House Republican leaders keep saying the budget plan they passed last week doesn’t envision big cuts to Medicaid.
The Congressional Budget Office doesn’t agree.
On Wednesday, the official scorekeeper for legislation issued an analysis showing that Republicans can’t possibly hit their budget targets without taking hundreds of billions of dollars out of government health programs.
And if Republicans are true to their word about not touching Medicare, the program for seniors and some people with disabilities, that means some of the reductions would have to come from Medicaid, the joint federal-state program that primarily serves low-income Americans, and CHIP, the program that targets lower- and middle-income children.
“This is an instruction to take health coverage away from people,” Bobby Kogan, a veteran Democratic budget analyst who is now at the Center for American Progress, told HuffPost.
The focus of the new CBO analysis is the part of the House budget that instructs one particular committee, Energy and Commerce, to find $880 billion in spending reductions over the next 10 years. The budget document says nothing about where the Committee should find those cuts, as Republican leaders have pointed out.
“Go do a word search of the budget resolution,” House Speaker Mike Johnson (R-La.) said Sunday. “There is not one mention of Medicare, Medicaid or Social Security. It’s not in the bill because we haven’t set the policy.”
Even President Donald Trump himself has said Republicans aren’t going to touch Medicaid.
But, like any congressional committee, Energy and Commerce has a clearly defined jurisdiction covering a limited set of government functions. That makes it possible to figure out where the cuts would have to be.
And that is precisely what CBO did.
At the request of Rep. Brendan Boyle (D-Pa.), the top Democrat on the House Budget Committee, and Rep.

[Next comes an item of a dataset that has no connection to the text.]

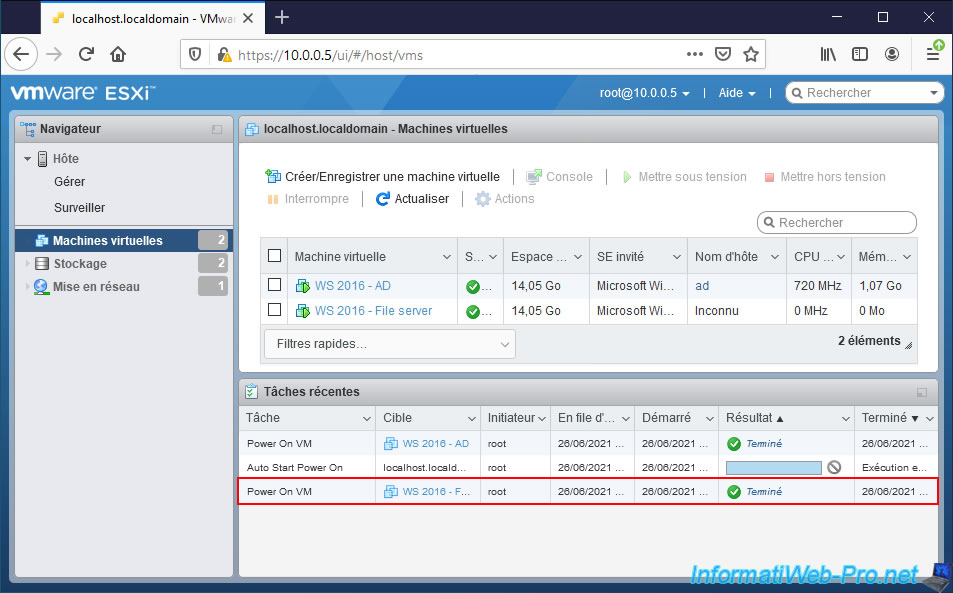 Une 2ème tâche "Power On VM" apparait donc dans les tâches récentes et notre 2ème machine virtuelle (WS 2016 - File server) démarre.

Frank Pallone (D-N.J.), the top Democrat on Energy and Commerce, CBO looked at all the programs that fall under the purview of Energy and Commerce, and determined that the only way to hit the $880 billion target is with hundreds of billions of dollars in cuts to federal health programs — mainly Medicare, Medicaid and CHIP, though Republicans have said Medicare is off the table.
“This analysis from the nonpartisan CBO confirms what we’ve been saying all along: Republicans are lying about their budget,” Boyle said in a statement. “Their plan would force the largest Medicaid cuts in American history — all to pay for more tax giveaways to billionaires.”
Democrats and their allies have been warning about this possibility since the 2024 campaign, arguing that Republican plans to cut taxes by trillions of dollars would require massive spending cuts, with many of those cuts likely to come from Medicaid.
It’s a politically potent argument, because Medicaid today covers medical bills for more than 70 million Americans. It pays for more than 40% of all births, and is the single-largest financier of nursing home care as well.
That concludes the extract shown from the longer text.